The Analects were compiled near the end of what is known in Chinese history as the Warring States period (475-221 BCE), characterized, as the name implies, by numerous competing feudal polities. In 221 BCE Shih Huang Di established the Qin dynasty which subdued the warring feudal kingdoms and established a unified empire. To solidify the centralizing tendencies of the dynasty, its rulers turned away from Confucianism toward a rival philosophy known as Legalism. The Legalists, supporting the centralizing project of the Qin dynasty, taught (among other things) that absolute, unconditional loyalty and obedience to the Emperor was the basis of a well-ordered society. They ridiculed Confucianism for being too sentimental, but their real objection to it was its teachings about individual virtue and loyalty to one’s family. Fearing the continued power of Confucian philosophy, the emperor banned all Confucian books and ordered them burned. For good measure, he also oversaw the wholesale massacres of Confucian scholars. In 191 BCE the Qin dynasty fell and was replaced by the Han dynasty, which revived Confucianism.

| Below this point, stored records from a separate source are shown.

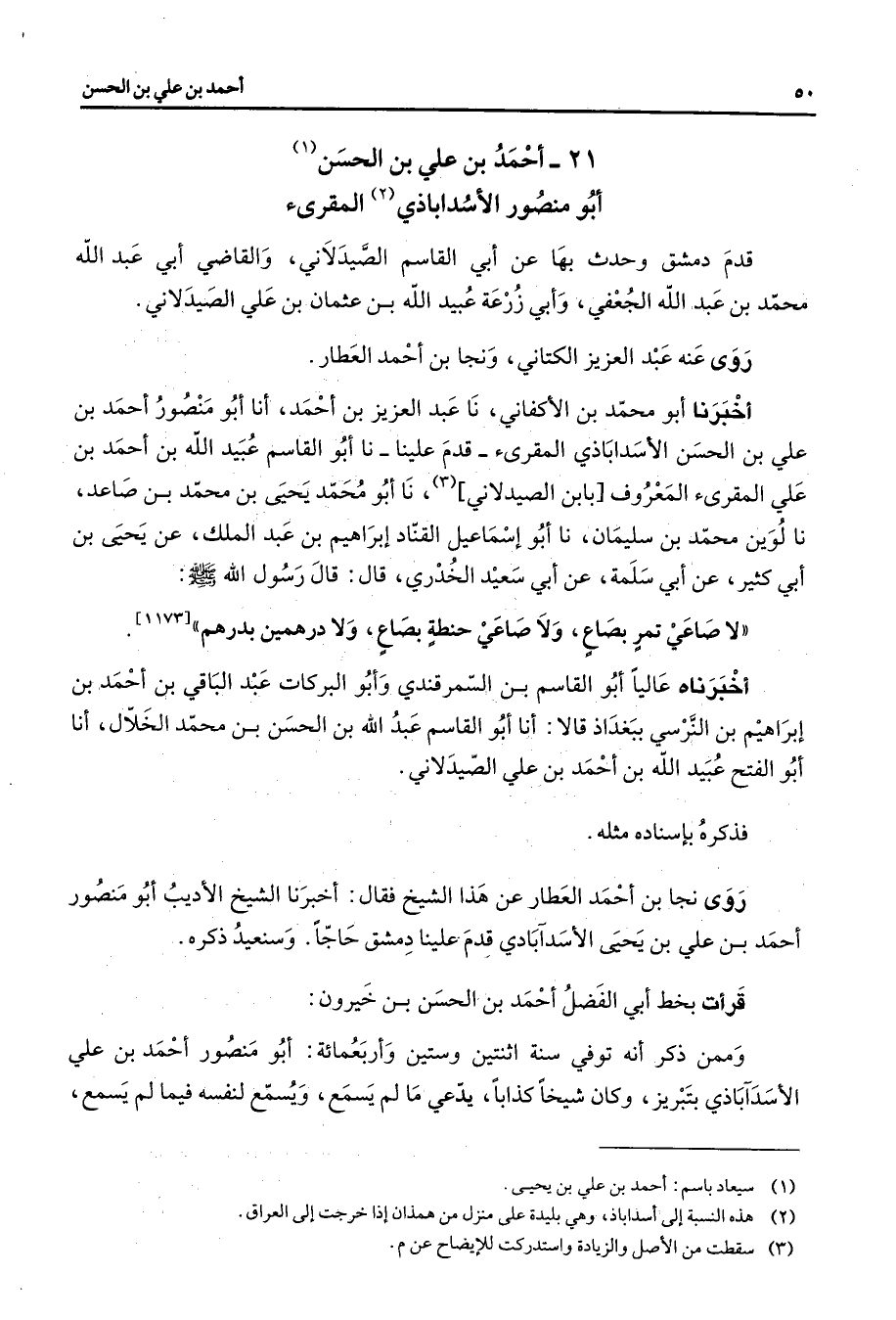 21 - أحمد بن علي بن الحسن (1) أبو منصور الأسداباذي (2) المقرئ قدم دمشق وحدث بها عن أبي القاسم الصيدلاني والقاضي أبي عبد الله محمد بن عبد الله الجعفي وأبي زرعة عبيد الله بن عثمان بن علي الصيدلاني روى عنه عبد العزيز الكتاني ونجا بن أحمد العطار أخبرنا أبو محمد الأكفاني نا عبد العزيز بن أحمد أنا أبو منصور أحمد بن علي بن الحسن الأسداباذي المقرئ قدم علينا نا أبو القاسم عبيد الله بن أحمد بن علي المقرئ المعروف بابن [الصيدلاني] (3) نا أبو محمد يحيى بن محمد بن صاعد نا لوين محمد بن سليمان نا أبو إسماعيل القناد إبراهيم بن عبد الملك عن يحيى بن أبي كثير عن أبي سلمة عن أبي سعيد الخدري قال قال رسول الله (صلى الله عليه وسلم) لا صاعي تمر بصاع ولا صاعي حنطة بصاع ولا درهمين بدرهم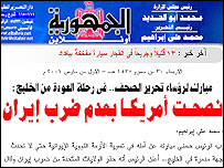 مطالب مرتبط حمايت جنبش عدم تعهد از برنامه هستهای ايران؛ صوری يا واقعی؟31 مه، 2006 | ايران سردرگمی کشورهای عرب در رابطه با ايران01 مه، 2006 | ايران سفر مقامات ايران به کشورهای عربی: نگرانی اعراب از ايران چيست؟11 آوريل، 2006 | ايران هشدار حسنی مبارک به آمريکا نسبت به حمله به ايران01 مارس، 2006 | ايران رايس خواستار جبهه متحد بين المللی در قبال ايران شد21 فوريه، 2006 | ايران درخواست رايس از دولتهای عرب برای منزوی کردن ايران 17 فوريه، 2006 | ايران 'بمب اتمی ايران به رقابت تسليحاتی در خاورميانه دامن میزند'25 اکتبر، 2005 | ايران تغيير ترکيب شورای حکام آژانس اتمی01 اکتبر، 2005 | ايران | |||||||||||||||||||||||||||||||||||||||||||||||||||||||||||||||||||||||||||||||||||||||||||||||||||||||||||||||||||||||||||||||||||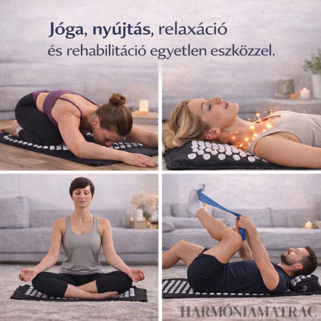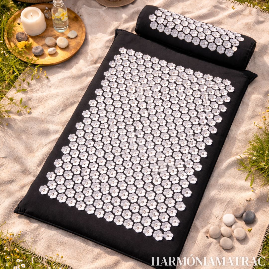 Ez egy akupresszúrás matrac és párna szett, amely pontszerű stimulációval segítheti az izmok ellazítását, a vérkeringés serkentését és a stressz csökkentését. Otthon is biztonságosan használható, jóga, relaxáció, nyújtás és regeneráció kiegészítésére.

Since Confucius’ teachings had been memorized and transmitted from teachers to their students, it was possible gradually to rebuild the works of the Confucian cannon.  
The next challenge to The Analects (and the other Confucian texts) came many years later during the twentieth century after the Communists came to power in China. In 1966, Mao Zedong and other leaders of the Chinese Communist Party launched the “Great Proletarian Cultural Revolution” aimed at eradicating the so-called “Four Old Characteristics” from Chinese society:  Old Customs, Old Habits, Old Culture, and Old Thinking. Though Chairman Mao had himself previously quoted Confucius in his speeches and writings, the young thugs who carried out the Cultural Revolution, the “Red Guards,” targeted Confucian books (and Confucian scholars) for ridicule and destruction. Significantly, the Party explicitly evoked the history of the Qin dynasty’s anti-Confucian campaign, praising its persecution of Confucian scholars and its destruction of Confucian texts as necessary in the fight against feudalism.
The Party’s anti-Confucian attitudes began to soften after the end of the Cultural Revolution, and by the 1980s it had begun to explore ways to revive and make use of certain aspects of Confucian philosophy deemed compatible with the Party’s goals. Yet, the two periods in which The Analects were banned in China were ones dominated by political projects based on tyranny and violence, which found Confucius’ project of educating virtuous individuals to be a profound threat.